With the territoriality principle as the basic guideline of Belgian language politics, the language law of 28 June 1932 divided the country in the Dutch-speaking region, the French-speaking region and the German-speaking region. Brussels received a bilingual Dutch-French status. The law further stipulated that municipalities along the language border and around Brussels had to ensure a bilingual service when the minority language population exceeded 30% (so-called language facilities) and that the language of administration would be changed when this "minority" exceeded 50%. In order to estimate the number of speakers of each language, a decennial language census was established, of which the results were often contested by the Flemish.

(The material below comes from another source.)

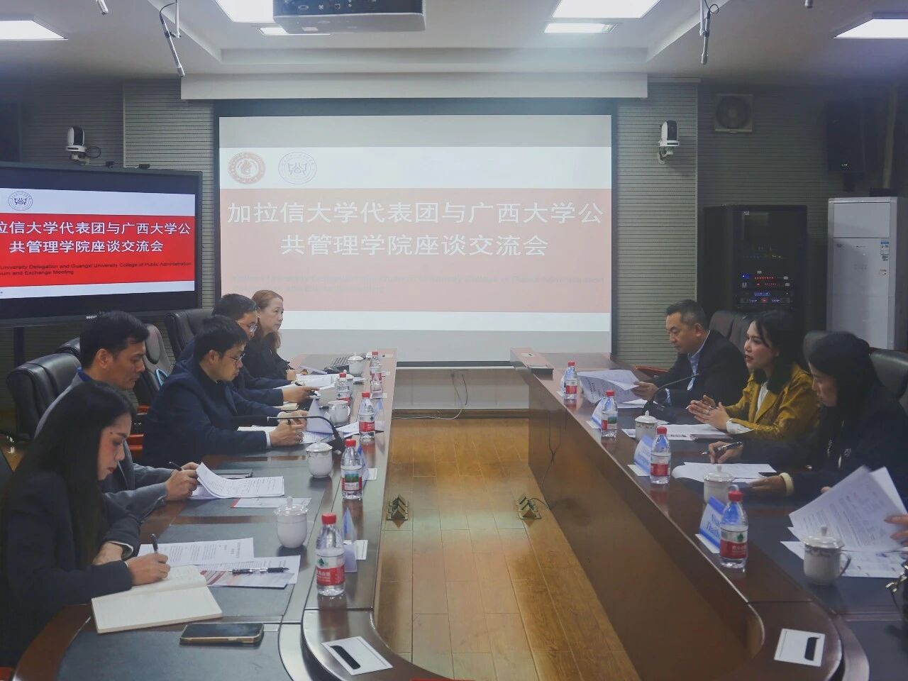 Phimlikid Kaewhanam对我院的热情接待表示感谢,并介绍了加拉信大学的发展概况,尤其是公共管理相关学科的建设情况。她表示,加拉信大学高度重视与我校的合作关系,希望以此次访问为契机,进一步推动两校在MPA培养方面的深度合作。聂鑫代表学院对加拉信大学代表团的到来表示热烈欢迎。他表示,学院始终秉持对外合作办学的理念,期待与泰方在人文交流、科研协作等领域开展务实合作。座谈会上,双方围绕交换生项目、教师互访、科研合作、课程共建等议题进行了深入交流,就合作意愿达成初步共识。
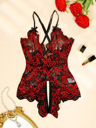 لانجيري حريمي قطعة واحدة من جمبسوت كلاسيكية باللون المتباين مع الشريط والعقدة، مفتوحة الظهر والخلف بتصميم مثير للجسم وعرض للجاذبية الأنثوية، صممت بفتحة مفتوحة بجسد الدمية الداخلية

The consensus in contemporary historical and political literature is that the results of the language census have to be interpreted with caution. The questions were alternatively on "known" languages or on the "usual" language, the most often spoken. Some considered this to refer to their mother tongue, while for others it referred to the prestigious and ubiquitous language that was French. Moreover, the censuses of 1920 and 1947 were performed in a post-war climate. Dutch, being closely related with German, was discredited due to collaborationism of certain wings of the Flemish Movement with the German occupation. French on the other hand enjoyed the status of the language of victory. Finally, given that the results had political consequences, inviting for manipulation in some cases, the census had more of a referendum on the language status of the municipality than of a sociological inquiry. In the 1947 census, more than 30% declared to speak French "exclusively or most frequently" in Wemmel, Kraainem, Drogenbos and Linkebeek, which meant that the French-speaking population of these municipalities received language facilities, whereby citizens can request to communicate with the municipal services in the language of their choice, while the official language remained the same.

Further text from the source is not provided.